Так я думал, так чувствовал не только в первые дни и месяцы заключения, но и позднее. И когда уже начал понимать ограниченность, несправедливость таких решительных и жестоких обобщений, когда, узнав много пленнических судеб, услышав множество рассказов — очень разных, но в главном похожих, — стал думать о них объективнее, разумнее и добрее, все же еще долго оставалось инстинктивное чувство недоверчивой и по сути неприязненной, хотя и жалостливой отстраненности и, конечно, сознание превосходства. Оставалось такое же, вероятно, чувство, как то, которое все еще иногда возбуждают негры, евреи, цыгане и вообще инородцы либо простонародье у тех, кто лишь рассудком, логикой преодолел расистские, антисемитские, шовинистические или сословные предрассудки. Логические представления одолеваются разумом. Но подсознательные чувства, эмоциональное, почти безотчетное восприятие сохраняются надолго — если не навсегда.
Мне понадобились годы, чтоб по-настоящему избавиться от живучего яда, скрытого в таких военно-патриотических представлениях и восприятиях. И двое хиви, с которыми я провел вместе первые недели в камере полевой тюрьмы, слушая их рассказы, споря с ними и о них, были первыми, кто начал помогать мне в этом.
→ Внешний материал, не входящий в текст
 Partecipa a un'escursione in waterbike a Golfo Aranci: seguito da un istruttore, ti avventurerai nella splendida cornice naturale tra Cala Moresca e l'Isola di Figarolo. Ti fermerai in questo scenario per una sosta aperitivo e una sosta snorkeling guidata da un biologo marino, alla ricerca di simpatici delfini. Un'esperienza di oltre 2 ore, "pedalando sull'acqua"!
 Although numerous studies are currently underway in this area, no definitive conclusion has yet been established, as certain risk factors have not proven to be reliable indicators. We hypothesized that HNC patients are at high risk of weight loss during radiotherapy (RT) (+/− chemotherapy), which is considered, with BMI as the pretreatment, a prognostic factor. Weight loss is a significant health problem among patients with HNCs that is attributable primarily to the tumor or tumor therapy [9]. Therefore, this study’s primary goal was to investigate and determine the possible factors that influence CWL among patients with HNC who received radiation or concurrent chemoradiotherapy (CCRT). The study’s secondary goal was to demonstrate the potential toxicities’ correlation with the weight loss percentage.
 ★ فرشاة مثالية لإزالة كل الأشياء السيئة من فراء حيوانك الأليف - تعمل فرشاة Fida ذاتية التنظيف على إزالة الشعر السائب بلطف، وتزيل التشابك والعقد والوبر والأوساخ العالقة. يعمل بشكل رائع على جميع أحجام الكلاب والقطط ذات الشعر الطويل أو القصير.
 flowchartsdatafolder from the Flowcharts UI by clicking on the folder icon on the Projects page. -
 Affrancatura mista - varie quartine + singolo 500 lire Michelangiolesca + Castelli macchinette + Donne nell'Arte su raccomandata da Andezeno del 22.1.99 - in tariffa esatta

Хиви набирались только из военнопленных красноармейцев. Солдаты всех других армий, воевавших против Германии, в том числе и польской, бельгийской, голландской, датской, норвежской, т. е. таких, которых уже вовсе не существовало, могли, хоть и невесело, но все же как-то жить в обычных лагерях для военнопленных. Они и в плену оставались гражданами своих стран, даже если это были только жалкие огрызки государства, как Польское генерал-губернаторство. Они получали посылки от родных, от Красного Креста, переписывались с близкими, твердо знали, что вернутся домой после войны, как бы она ни кончилась. А нашим бойцам еще в казармах в мирное время втолковывали, что плен — это измена родине. Многим было достаточно хорошо известно о том, что происходило в 1937–1938 годах. Многие знали о непререкаемых законах бдительности, которые требовали подозрительного недоверия ко всем, кто хоть как-то соприкоснулся с «врагом» и вообще с иностранцами, знали, что никто из тех, кто побывал в плену у финнов и японцев, не вернулся домой. Все это существенно облегчало деятельность немецких пропагандистов и их помощников, которые доказывали, что советским гражданам, попавшим в плен, нельзя рассчитывать на снисходительность своего государства, что Сталин их всех «списал», что именно поэтому они не получают ни писем, ни посылок, что советское государство, единственное в мире, не признает Гаагской конвенции о военнопленных и всех попавших в плен считает изменниками и т. д. и т. п. Мне часто приходилось слышать и от немцев, и от поляков, с которыми встречался в тюрьмах и лагерях, насмешливые, издевательские упреки: почему, дескать, ни одна из покоренных гитлеровцами буржуазных стран не смогла поставить Гитлеру больше одного батальона солдат, между тем как сотни тысяч, почти миллион советских бойцов и офицеров — граждане наиболее успешно воевавшей социалистической державы — служили во власовских и казачьих частях и всевозможных легионах: волжском, т. е. татаро-чувашском, кавказском, туркестанском, в дивизиях СС «Галиция» и «Волынь» и непосредственно в немецких войсках как хиви.